-- Study material --

####

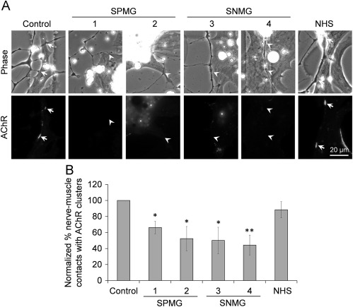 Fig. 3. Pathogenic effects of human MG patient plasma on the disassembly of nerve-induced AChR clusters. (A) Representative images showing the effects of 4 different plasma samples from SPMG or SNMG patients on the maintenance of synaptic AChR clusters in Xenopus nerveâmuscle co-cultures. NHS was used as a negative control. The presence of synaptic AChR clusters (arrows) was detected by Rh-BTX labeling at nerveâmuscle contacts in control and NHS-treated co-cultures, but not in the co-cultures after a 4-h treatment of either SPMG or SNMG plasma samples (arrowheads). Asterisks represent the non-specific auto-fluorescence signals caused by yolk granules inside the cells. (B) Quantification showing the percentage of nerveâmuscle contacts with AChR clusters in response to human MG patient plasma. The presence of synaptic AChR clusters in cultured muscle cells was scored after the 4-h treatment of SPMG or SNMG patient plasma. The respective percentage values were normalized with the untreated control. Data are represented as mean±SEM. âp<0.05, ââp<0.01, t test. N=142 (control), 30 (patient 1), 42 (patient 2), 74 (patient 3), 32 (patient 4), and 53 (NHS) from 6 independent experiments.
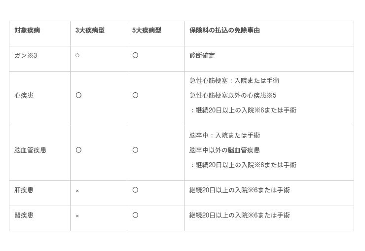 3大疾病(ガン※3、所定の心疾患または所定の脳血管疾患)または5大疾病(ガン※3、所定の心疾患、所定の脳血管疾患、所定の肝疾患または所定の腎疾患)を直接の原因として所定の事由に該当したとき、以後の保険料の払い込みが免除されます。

####

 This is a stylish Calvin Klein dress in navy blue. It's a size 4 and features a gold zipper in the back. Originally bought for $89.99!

####

-- What the task asks --
Restate word for word the lines of the data above that begin at the line with "Fig. 3. Pathogenic" and end at the line with "3大疾病(ガン※3、所定の心", keeping both ends and dropping every picture.

-- Solution below --
 Fig. 3. Pathogenic effects of human MG patient plasma on the disassembly of nerve-induced AChR clusters. (A) Representative images showing the effects of 4 different plasma samples from SPMG or SNMG patients on the maintenance of synaptic AChR clusters in Xenopus nerveâmuscle co-cultures. NHS was used as a negative control. The presence of synaptic AChR clusters (arrows) was detected by Rh-BTX labeling at nerveâmuscle contacts in control and NHS-treated co-cultures, but not in the co-cultures after a 4-h treatment of either SPMG or SNMG plasma samples (arrowheads). Asterisks represent the non-specific auto-fluorescence signals caused by yolk granules inside the cells. (B) Quantification showing the percentage of nerveâmuscle contacts with AChR clusters in response to human MG patient plasma. The presence of synaptic AChR clusters in cultured muscle cells was scored after the 4-h treatment of SPMG or SNMG patient plasma. The respective percentage values were normalized with the untreated control. Data are represented as mean±SEM. âp<0.05, ââp<0.01, t test. N=142 (control), 30 (patient 1), 42 (patient 2), 74 (patient 3), 32 (patient 4), and 53 (NHS) from 6 independent experiments.
 3大疾病(ガン※3、所定の心疾患または所定の脳血管疾患)または5大疾病(ガン※3、所定の心疾患、所定の脳血管疾患、所定の肝疾患または所定の腎疾患)を直接の原因として所定の事由に該当したとき、以後の保険料の払い込みが免除されます。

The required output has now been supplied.